Source material:
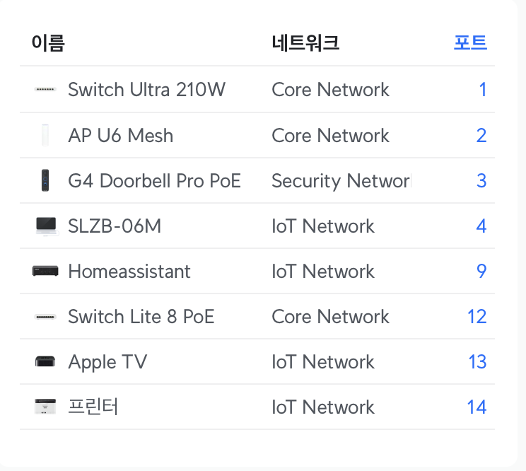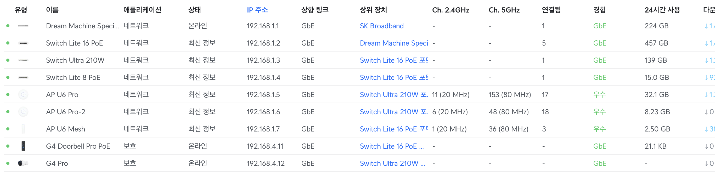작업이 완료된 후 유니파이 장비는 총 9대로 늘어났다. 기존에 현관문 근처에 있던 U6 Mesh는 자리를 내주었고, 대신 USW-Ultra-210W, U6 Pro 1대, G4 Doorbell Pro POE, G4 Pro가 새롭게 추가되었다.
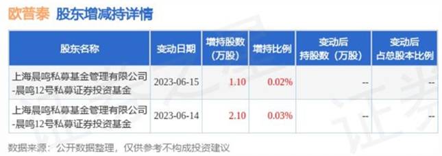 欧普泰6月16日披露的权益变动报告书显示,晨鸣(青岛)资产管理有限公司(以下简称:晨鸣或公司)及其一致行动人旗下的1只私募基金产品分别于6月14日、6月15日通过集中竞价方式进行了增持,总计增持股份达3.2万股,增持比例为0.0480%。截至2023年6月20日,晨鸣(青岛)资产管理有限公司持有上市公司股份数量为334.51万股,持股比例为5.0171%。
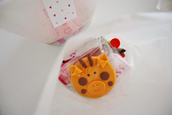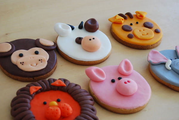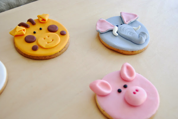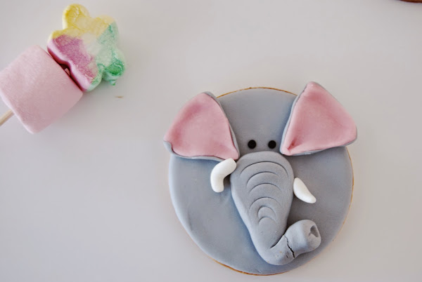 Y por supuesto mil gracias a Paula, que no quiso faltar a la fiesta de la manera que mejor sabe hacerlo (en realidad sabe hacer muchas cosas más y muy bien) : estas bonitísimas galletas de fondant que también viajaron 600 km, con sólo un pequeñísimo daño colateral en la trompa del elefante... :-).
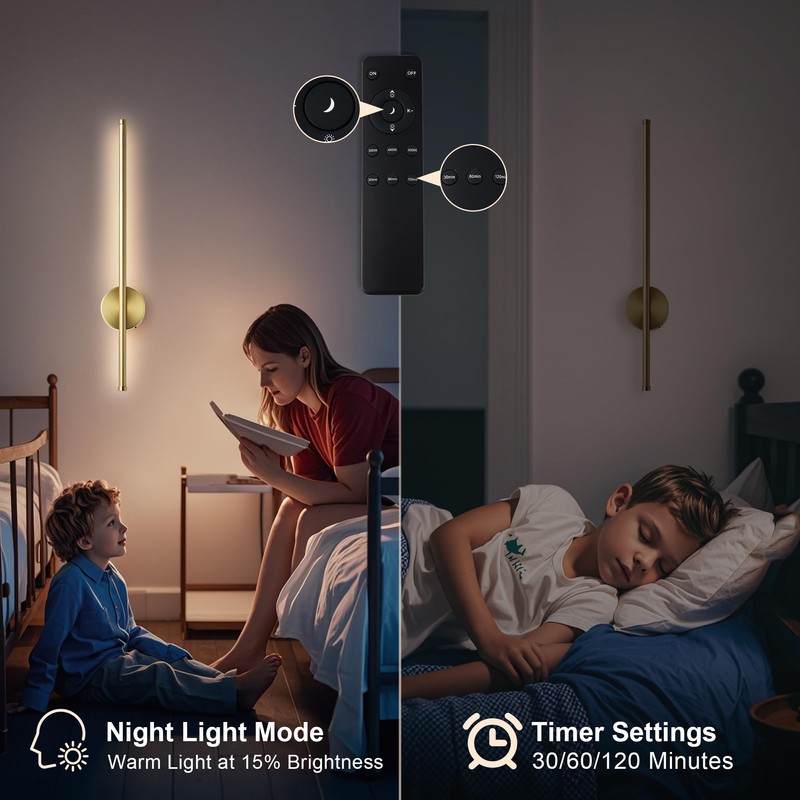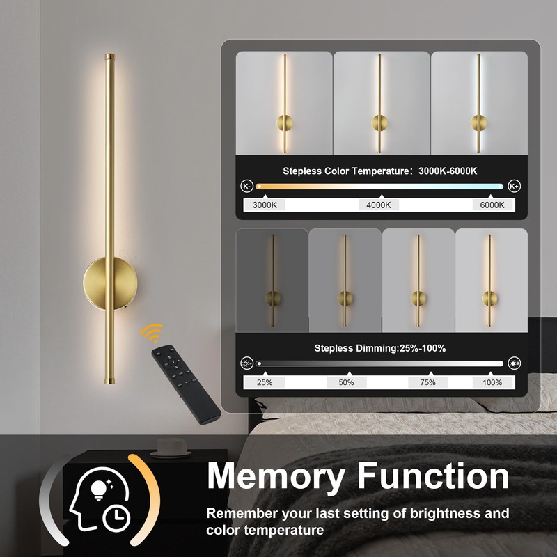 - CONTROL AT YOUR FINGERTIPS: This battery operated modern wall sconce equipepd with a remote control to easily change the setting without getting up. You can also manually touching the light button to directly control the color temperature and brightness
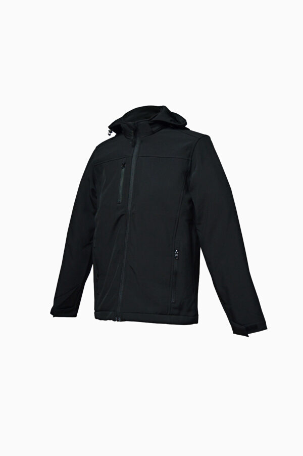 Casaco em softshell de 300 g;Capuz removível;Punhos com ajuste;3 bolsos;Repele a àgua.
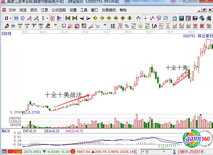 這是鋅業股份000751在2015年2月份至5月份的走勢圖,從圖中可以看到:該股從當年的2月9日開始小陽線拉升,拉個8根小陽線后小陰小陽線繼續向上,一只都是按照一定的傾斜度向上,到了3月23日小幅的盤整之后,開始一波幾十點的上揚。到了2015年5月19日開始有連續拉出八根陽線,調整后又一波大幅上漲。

Task description: Set the listing down again exactly, skipping each picture.

Answer box:
작업이 완료된 후 유니파이 장비는 총 9대로 늘어났다. 기존에 현관문 근처에 있던 U6 Mesh는 자리를 내주었고, 대신 USW-Ultra-210W, U6 Pro 1대, G4 Doorbell Pro POE, G4 Pro가 새롭게 추가되었다.
 欧普泰6月16日披露的权益变动报告书显示,晨鸣(青岛)资产管理有限公司(以下简称:晨鸣或公司)及其一致行动人旗下的1只私募基金产品分别于6月14日、6月15日通过集中竞价方式进行了增持,总计增持股份达3.2万股,增持比例为0.0480%。截至2023年6月20日,晨鸣(青岛)资产管理有限公司持有上市公司股份数量为334.51万股,持股比例为5.0171%。
 Y por supuesto mil gracias a Paula, que no quiso faltar a la fiesta de la manera que mejor sabe hacerlo (en realidad sabe hacer muchas cosas más y muy bien) : estas bonitísimas galletas de fondant que también viajaron 600 km, con sólo un pequeñísimo daño colateral en la trompa del elefante... :-).
 - CONTROL AT YOUR FINGERTIPS: This battery operated modern wall sconce equipepd with a remote control to easily change the setting without getting up. You can also manually touching the light button to directly control the color temperature and brightness
 Casaco em softshell de 300 g;Capuz removível;Punhos com ajuste;3 bolsos;Repele a àgua.
 這是鋅業股份000751在2015年2月份至5月份的走勢圖,從圖中可以看到:該股從當年的2月9日開始小陽線拉升,拉個8根小陽線后小陰小陽線繼續向上,一只都是按照一定的傾斜度向上,到了3月23日小幅的盤整之后,開始一波幾十點的上揚。到了2015年5月19日開始有連續拉出八根陽線,調整后又一波大幅上漲。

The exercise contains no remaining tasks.